══ Data

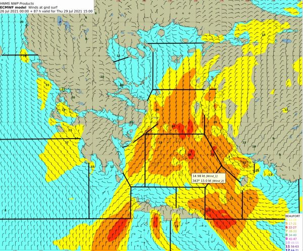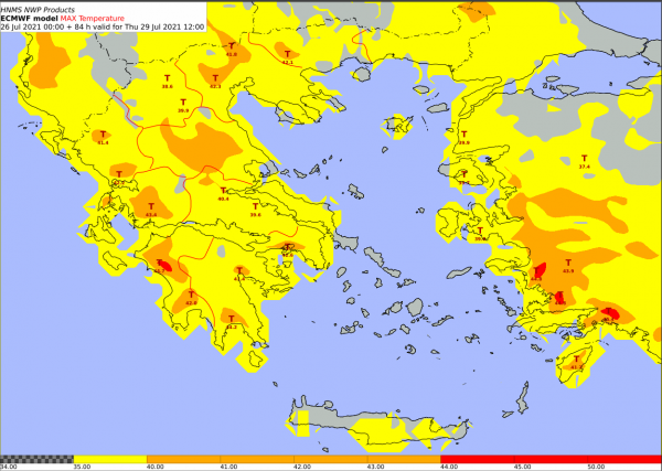 3. Την Πέμπτη (29-7-2021) υψηλές θερμοκρασίες θα επικρατήσουν σε όλη τη χώρα. Οι υψηλότερες τιμές προβλέπεται να σημειωθούν: α. Ηπειρωτική Ελλάδα: Στη δυτική Στερεά και τη Θεσσαλία (έως 41 με 42 βαθμούς Κελσίου) και στην κεντρική Μακεδονία και το εσωτερικό της Ηπείρου (έως 40 με 41 βαθμούς Κελσίου) β. Νησιωτική Ελλάδα: Στα νησιά του Ιονίου (έως 38 με 40 βαθμούς Κελσίου) και στα νησιά του ανατολικού Αιγαίου και τα Δωδεκάνησα (έως 37 με 38 βαθμούς Κελσίου).
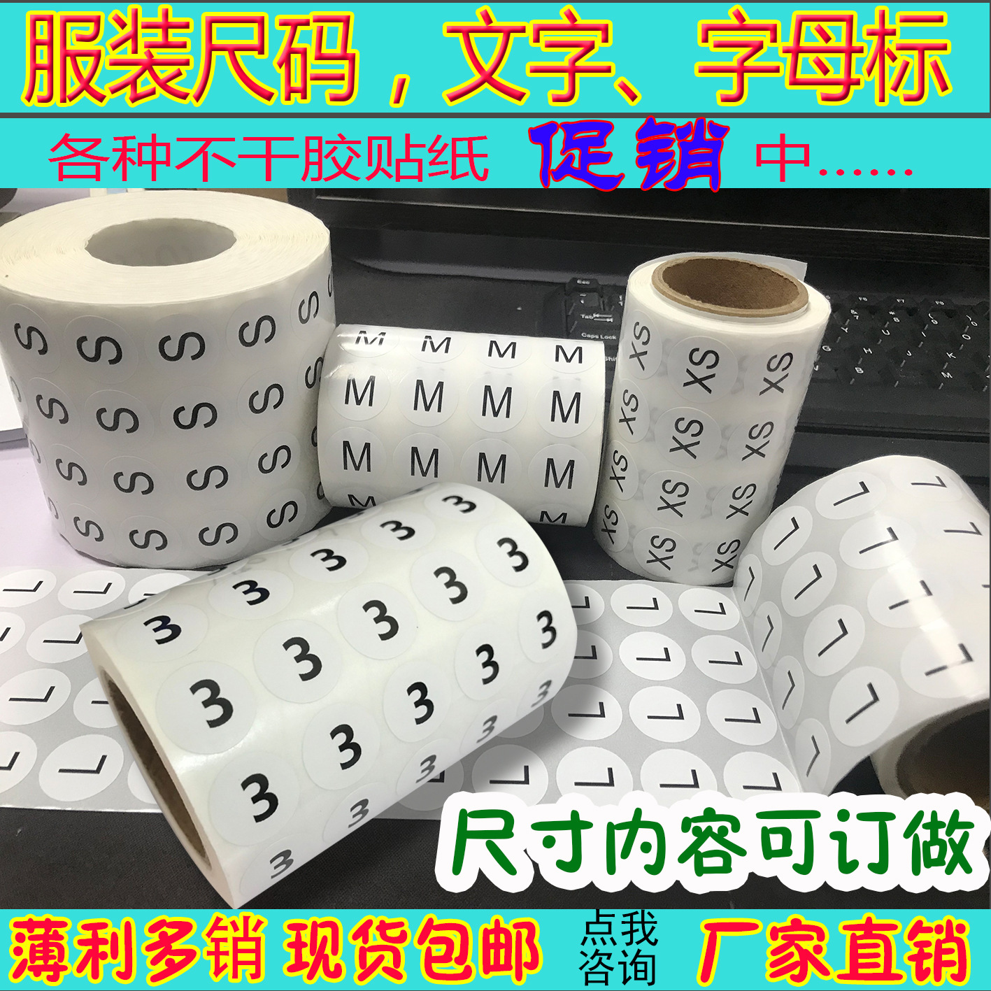 現物数字ステッカーラベル1-100円形マーク生放送服サイズアルファベットカラードットシール
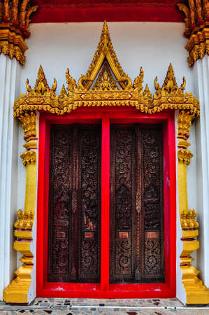 wooden door in thai temple
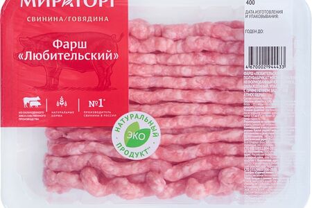 Фарш Мираторг Любительский 400г приготовлен из отборной охлажденной свинины и говядины. Широко используется в кулинарии и является основой многих блюд. Из мясного фарша можно приготовить котлеты и тефтели, зразы и фрикадельки, колдуны и ежики, запеканки и голубцы. Смешанный фарш станет отличной основой для знаменитого соуса Болоньезе, а также начинкой для блинчиков и пирогов. Компания Мираторг - ведущий поставщик мяса и мясных изделий на российском рынке, продукция которого производится по международным стандартам и отличается высоким качеством.
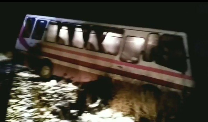Автобус помогали вытаскивать назад на дорогу спасатели.
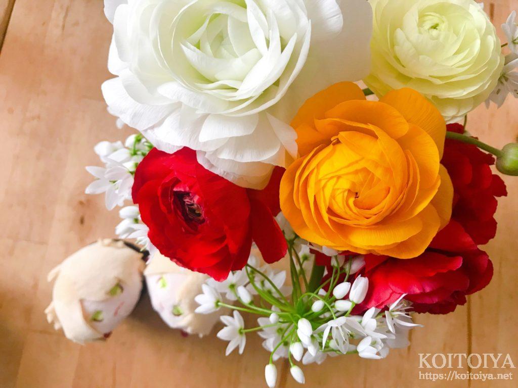 ラナンキュラスの白、赤、黄と、白いアガパンサス(たぶん)
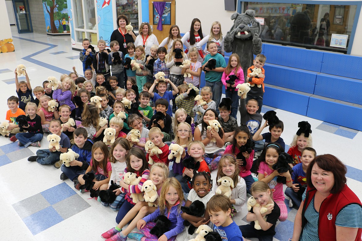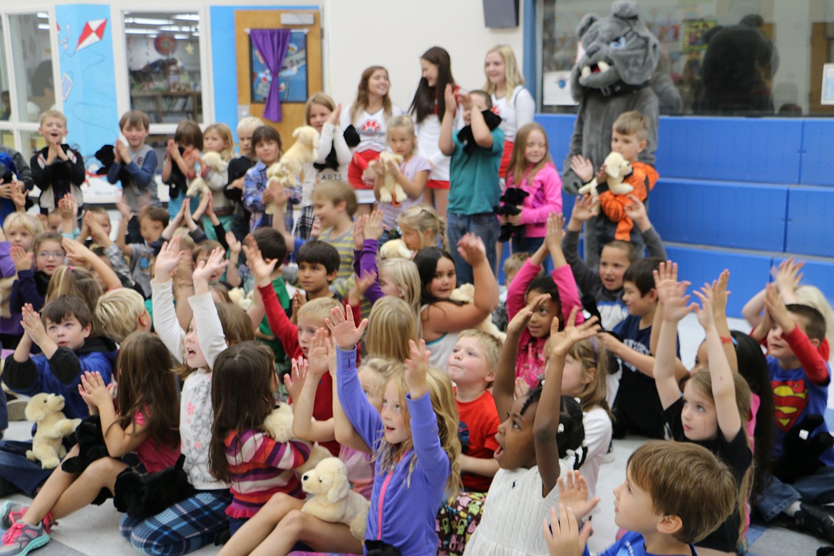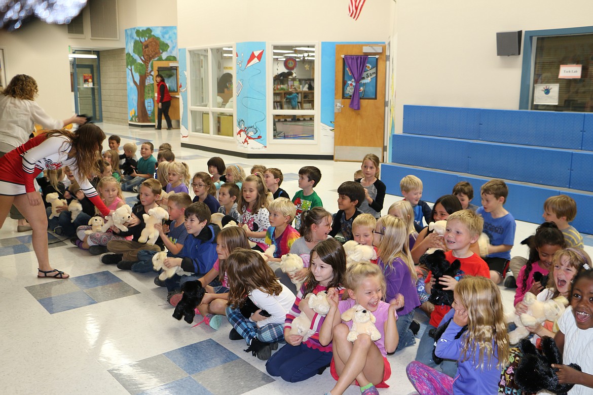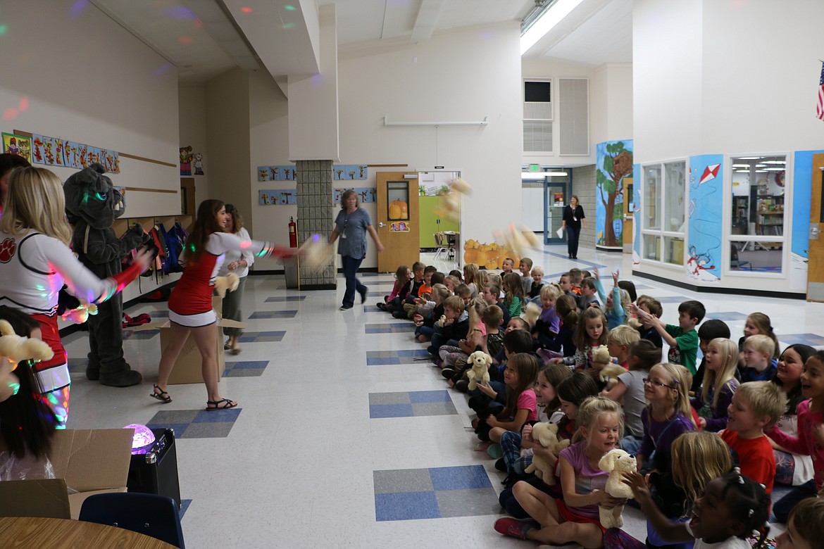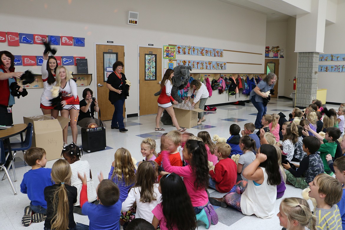 Spike the Bulldog and three cheerleaders from Sandpoint High School went to the elementary school Thursday to give the kids their reading puppies. As Spike and the cheerleaders prepared to open the boxes, the students were asked if they like to read and who their favorite book characters are.
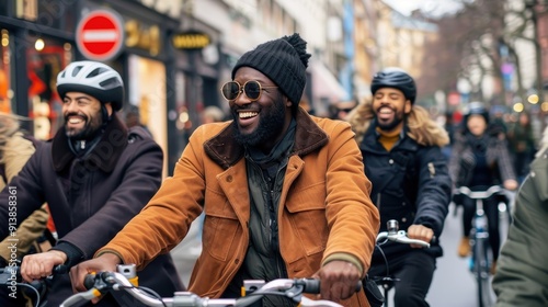 A cheerful group of friends cycles together through a bustling urban area on a winter afternoon
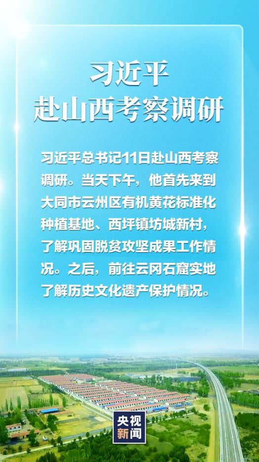 习近平总书记11日赴山西考察调研。当天下午,他首先来到大同市云州区有机黄花标准化种植基地、西坪镇坊城新村,了解巩固脱贫攻坚成果工作情况。之后,前往云冈石窟实地了解历史文化遗产保护情况。

════

> _Exercise details_
The answer is every line of the data, exactly as written, with the pictures dropped.

> _Solution_
 3. Την Πέμπτη (29-7-2021) υψηλές θερμοκρασίες θα επικρατήσουν σε όλη τη χώρα. Οι υψηλότερες τιμές προβλέπεται να σημειωθούν: α. Ηπειρωτική Ελλάδα: Στη δυτική Στερεά και τη Θεσσαλία (έως 41 με 42 βαθμούς Κελσίου) και στην κεντρική Μακεδονία και το εσωτερικό της Ηπείρου (έως 40 με 41 βαθμούς Κελσίου) β. Νησιωτική Ελλάδα: Στα νησιά του Ιονίου (έως 38 με 40 βαθμούς Κελσίου) και στα νησιά του ανατολικού Αιγαίου και τα Δωδεκάνησα (έως 37 με 38 βαθμούς Κελσίου).
 現物数字ステッカーラベル1-100円形マーク生放送服サイズアルファベットカラードットシール
 wooden door in thai temple
 Фарш Мираторг Любительский 400г приготовлен из отборной охлажденной свинины и говядины. Широко используется в кулинарии и является основой многих блюд. Из мясного фарша можно приготовить котлеты и тефтели, зразы и фрикадельки, колдуны и ежики, запеканки и голубцы. Смешанный фарш станет отличной основой для знаменитого соуса Болоньезе, а также начинкой для блинчиков и пирогов. Компания Мираторг - ведущий поставщик мяса и мясных изделий на российском рынке, продукция которого производится по международным стандартам и отличается высоким качеством.
Автобус помогали вытаскивать назад на дорогу спасатели.
 ラナンキュラスの白、赤、黄と、白いアガパンサス(たぶん)
 Spike the Bulldog and three cheerleaders from Sandpoint High School went to the elementary school Thursday to give the kids their reading puppies. As Spike and the cheerleaders prepared to open the boxes, the students were asked if they like to read and who their favorite book characters are.
 A cheerful group of friends cycles together through a bustling urban area on a winter afternoon
 习近平总书记11日赴山西考察调研。当天下午,他首先来到大同市云州区有机黄花标准化种植基地、西坪镇坊城新村,了解巩固脱贫攻坚成果工作情况。之后,前往云冈石窟实地了解历史文化遗产保护情况。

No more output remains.